Dodgers get a cut-rate deal on pitcher Wolf

Times Staff Writer

Southland product Randy Wolf, a left-handed starting pitcher who had major elbow surgery 17 months ago, has agreed to sign with the Dodgers for less money and security than other teams offered because he wants to return to L.A., baseball sources said Monday.

Wolf, who played at Pepperdine and Woodland Hills El Camino Real High, accepted a one-year deal for $7.5 million with a vesting option for another year based on 180 innings pitched. There is also a club option in the event Wolf doesn’t pitch enough innings to trigger the vesting option.

General Manager Ned Colletti wanted to finish negotiations with Wolf before a large contingent of Dodgers front office officials departs Thursday for the Dominican Republic. Wolf and new center fielder Juan Pierre are scheduled to be introduced at a news conference Wednesday at Dodger Stadium.

Colletti met with Wolf about a week ago and was impressed by his desire to play for the Dodgers. Wolf also talked to Nomar Garciaparra, who grew up in Southern California and recently signed a two-year contract to remain with the Dodgers. Both players are represented by agent Arn Tellem.


Wolf, 30, was 69-60 with a 4.21 earned-run average in eight seasons with the Philadelphia Phillies, who made him a second-round draft pick in 1997. He was 4-0 with a 5.56 ERA in 56 2/3 innings last season after coming off the disabled list July 31, helping the Phillies contend for the National League wild-card berth.
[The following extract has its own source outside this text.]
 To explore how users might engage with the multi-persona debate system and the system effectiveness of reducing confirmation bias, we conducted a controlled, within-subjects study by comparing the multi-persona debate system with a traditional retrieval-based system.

He had ligament replacement surgery on July 1, 2005, and took a year to recover. Scouting reports indicate Wolf regained his velocity and the snap on his curveball during his 12 starts in August and September this year. He lacked command, but scouts attributed that to his long layoff.
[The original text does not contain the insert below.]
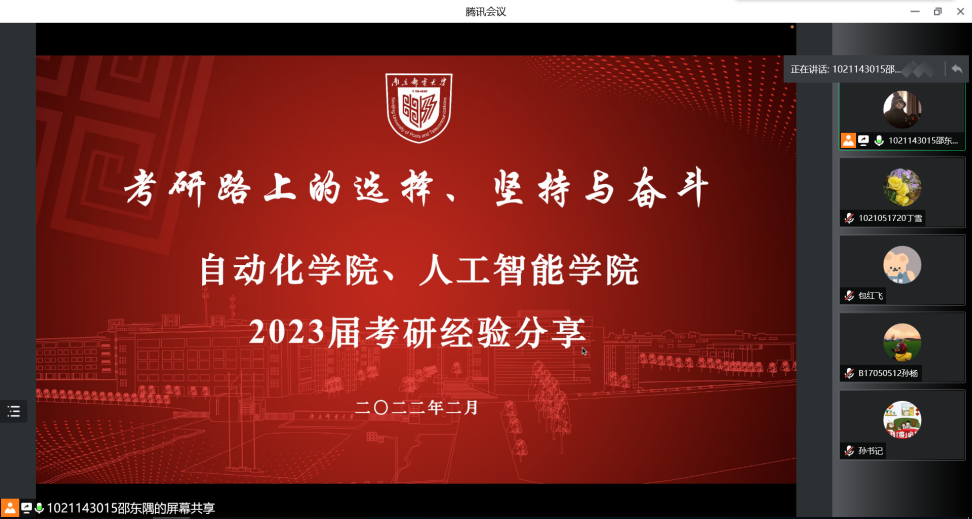 为拓宽色情网站 2023届学子对考研信息获取,引导学生明确考研目标,增强自我规划能力,营造积极向上的良好学习氛围,色情网站 、人工智能学院于2月18日在线上举行了考研经验分享会。色情网站 党委副书记、副院长孙委委老师莅临指导,色情网站 2021届毕业生丁雪(现硕士研究生就读于色情网站 )、2021届毕业生孙杨(现硕士研究生就读于东南大学)、2021届毕业生包红飞(现硕士研究生就读于北京邮电大学)向2023届考研学子分享了宝贵经验。会议由2019级辅导员邵东隅老师主持。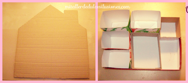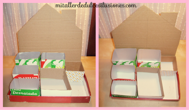 2. Una vez tengamos todas nuestros tipos de cartón vamos a comenzar,la tapa de la cala de zapatos la usaremos cómo base de nuestro organizador,los cartones de leche o cajitas pequeñas de cartón los usaremos para hacer los distintos cubiletes de nuestro organizador y el trozo de cartón lo recortaremos de una medidas para hacer nuestro fondo,yo lo he hecho en forma de casita,las medidas son 30cm de alto por 26cm de ancho,pero daros cuenta de que el ancho dependerá del tamaño de la tapa que hayáis escogido.Recortar vuestra casita y montarlo por encima para ver donde váis a poner vuestros distintas partes de la gaveta.

Wolf was one of the National League’s top left-handers from 2000 to 2003, posting 48 victories and logging at least 200 innings three times. He began to experience elbow pain in 2004 and pitched 136 2/3 innings. He made 13 starts in 2005 before having surgery.

A source close to the negotiations said the Chicago Cubs and St. Louis Cardinals made offers to sign Wolf for three years, with the deals ranging from $21 million to $24 million. The Arizona Diamondbacks had a similar offer on the table before they acquired left-hander Doug Davis from the Milwaukee Brewers, and the Phillies chased Wolf until signing Adam Eaton to a three-year deal Monday.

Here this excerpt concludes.